After recovering the 34,000 mark a few days ago, the Sensex surged by 300 points again today. The wider National Stock Exchange Nifty crossed 10,550 points, too. Pundits are attributing the rise to Morgan Stanley’s favourable India outlook, a good show of Asian and European bourses, an upward trend in Wall Street and other “positive global cues”. When the gross domestic product data is released this Wednesday, showing the country grow expectedly at a rate of 6.9% or beyond, considerably higher than the 6.3% that had depressed many, the stock exchange is likely to reflect the boost again. Real estate, automobiles, capital goods, banking, infrastructure, metals, power, oil and gas, public sector units and consumer durables sectors are all doing well. The losses owe to the loss of confidence in the scam-tainted Punjab National Bank and Simbhaoli Sugars besides those who couldn’t cope with profit-booking. The information technology, electronics and healthcare sectors are not doing well. The slump in IT is partially due to the protectionism of the United States-led West. Telecommunication in the urban landscape had saturated long ago; they will be pushed up considerably when the rural networks turn fully operational. And then, aping the telecom companies that have entered Africa, the IT counterparts should look for new, greener pastures in the not-so-rich countries of that continent as well as South America. The quality of healthcare includes the status of pharmaceuticals although medicines fall under the Ministry of Chemicals. Here, while the Modi government must explore how to get the best out of philanthropic doctors, incentivise small-scale private health centres for rural outreach and initiate a nationwide training of paramedics, India’s generic medicine industry will look up when the patients and their kin are adequately informed of the National Pharmaceutical Pricing Authority that releases lists of affordable medicine for scores of diseases on a regular basis. All these cheap, but as effective and authenticated, drugs are made in India.
In the past four years, the international market has time and again paved the way for an Indian boost.
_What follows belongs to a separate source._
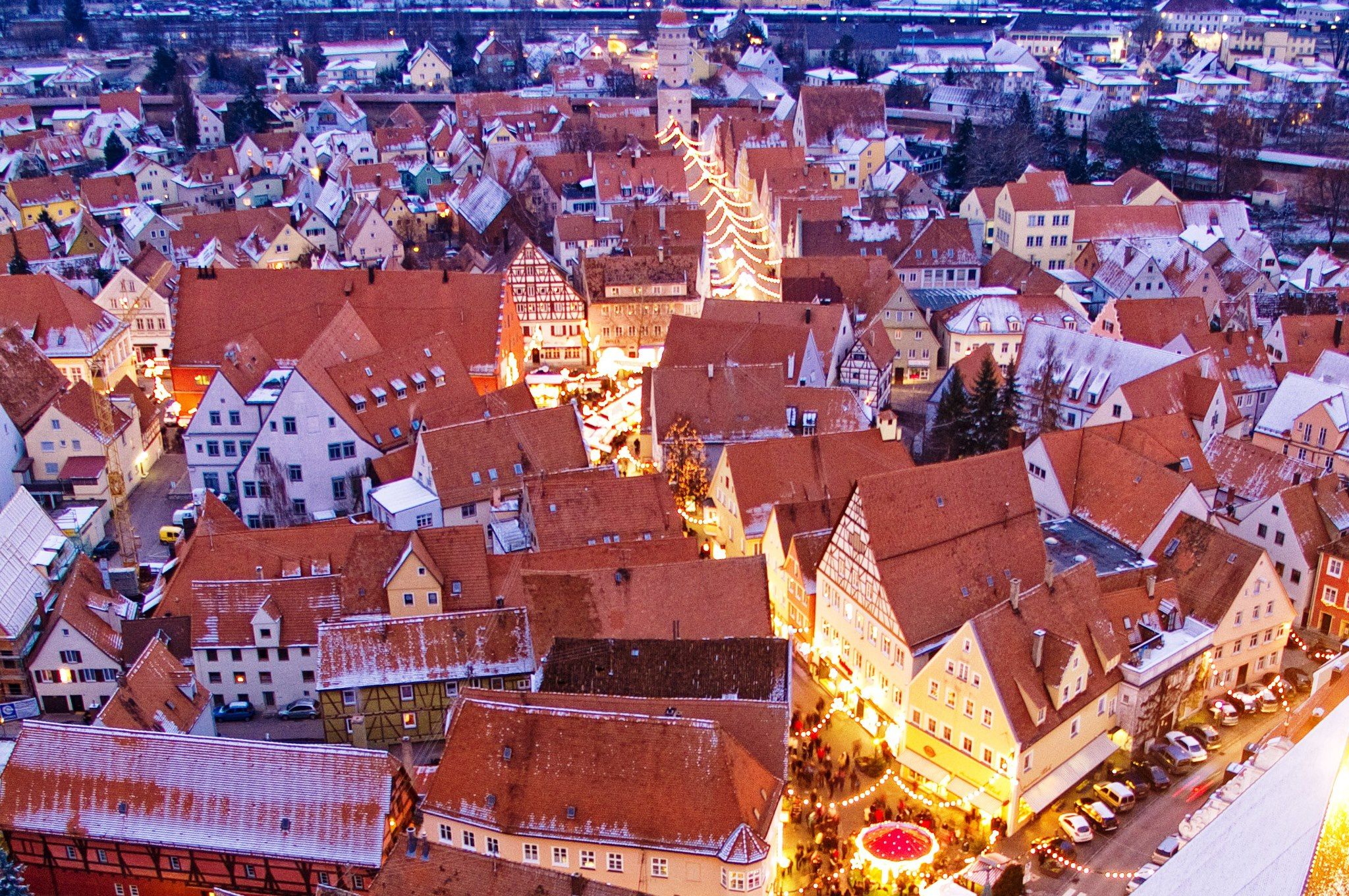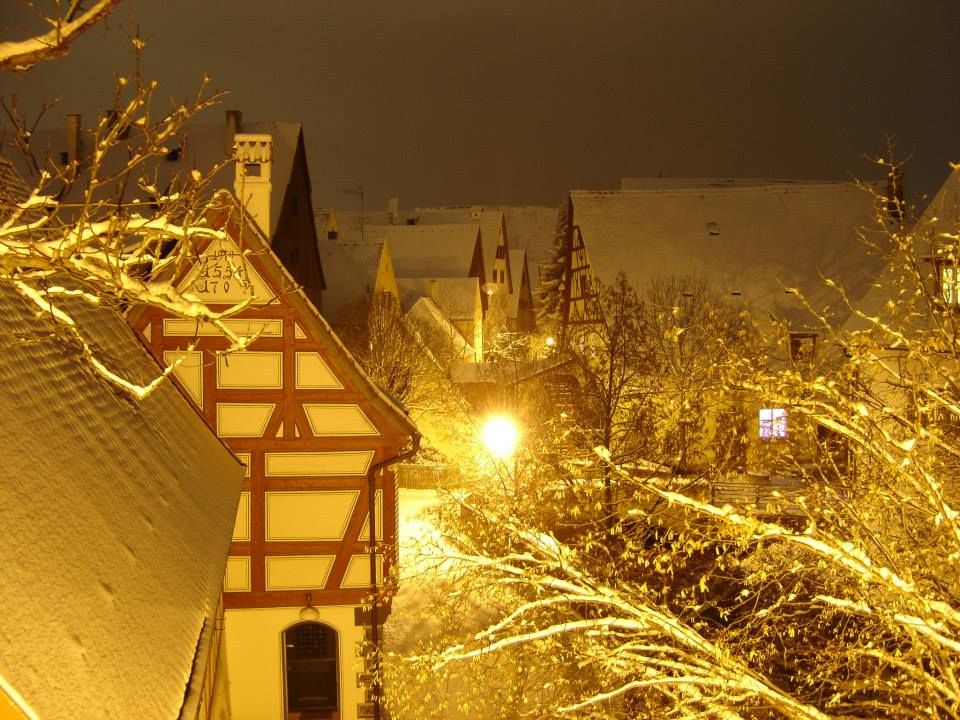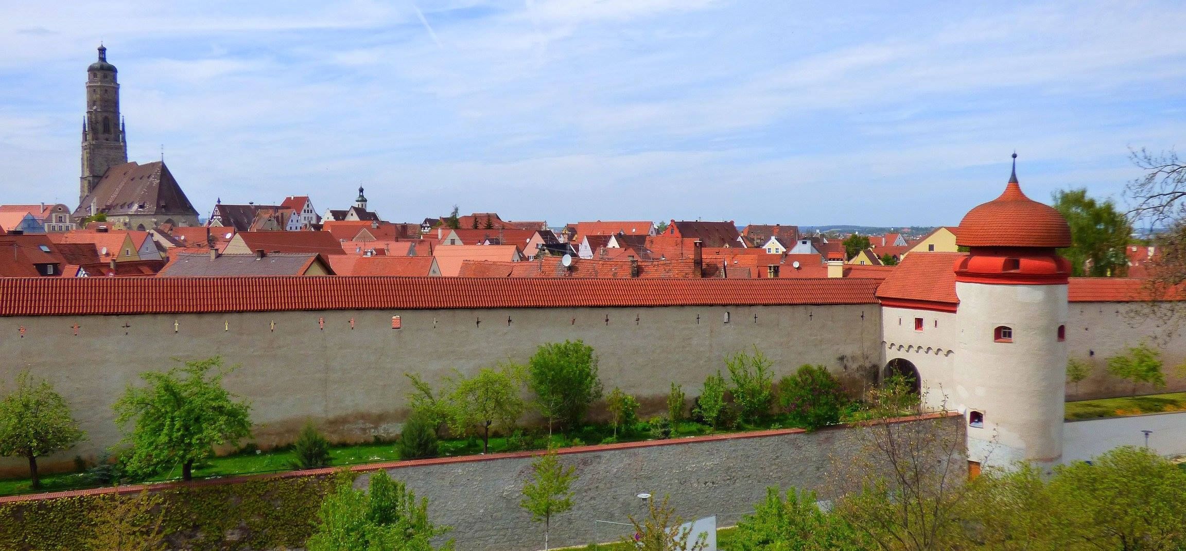 Appena si scorge all’orizzonte il “Daniel”, l’alta torre campanaria della chiesa di San Giorgio, si sa che poco manca alla nostra destinazione. Da qui il Guardiano della Città fa sentire ogni notte, ogni mezz’ora la sua parola d’ordine Medievale “So, G’Sell So” (… basta garzone, basta). La città è posta al centro di una pianura circolare, il Ries, un enorme cratere provocato dalla caduta di un meteorite circa 15 milioni di anni fa. |

However, the reluctance of the National Democratic Alliance government to go full throttle on economic reforms did not permit an Indian leap disproportionately higher than the global hike. Yet, some judicious decisions were taken in view of the medium-to-long term, which will hold India in good stead in the coming years. One such decision was to not reduce the petroleum products’ prices when the crude oil price per barrel nosedived in the oil-exporting countries. The amount thus earned went into the construction of highways, ostensibly one of the best performing sectors in the Narendra Modi era. When the government says people are getting employed on a large scale for construction works — while not so visibly in other areas — the innovative ideas of Nitin Gadkari are to be credited as much as the decision on excise. The village electrification drive under the former power minister Piyush Goyal helped generate rural employment while former railway minister Suresh Prabhu’s act of making some resources of that department accessible to the private sector will generate jobs there as well. All these policy directions come from the prime minister, of course. One wishes there was a way the stocks could reflect the employment scenario, but they don’t. When the per capita income data is released next, traders should be happy that consumers now have more purchasing power — provided the figure of the increased number of provident fund accounts is more reliable than the Labour Ministry’s assessment of the situation.
India will rise steadily rather than spectacularly if Modi continues in his style. The banks’ non-performing assets in general and the PNB fraud in particular have led to a gloom, which does not have the politically safe solution of loan reconstruction. If the opposition is genuinely angry about the fugitives, it should support the government to privatise public sector banks because daily transactions that the employees officiate over cannot be monitored by the Finance Ministry while the money that recapitalises the fraudulent banks includes the money of citizens who have not been their stakeholders and, therefore, not liable for ‘punishment’. The current shape of the Financial Resolution and Deposit Insurance Bill is another Damocles’ sword hanging over the unassuming depositor. The initial labour reforms were good for employers; the proposed ones will be better for employees, but unlikely to lead to job generation. Where the opposition does not agree, some reforms can still come through executive decisions. The uncertainty caused by the disruptive adjustments like demonetisation and goods and services tax was more a hype by the opposition than a concern of citizens. The government is addressing the GST-related hassles of businessmen by downward revisions of the rates every now and then. If Modi is receiving more flak than what is due to him, it’s because he had raised the expectations too high in 2014.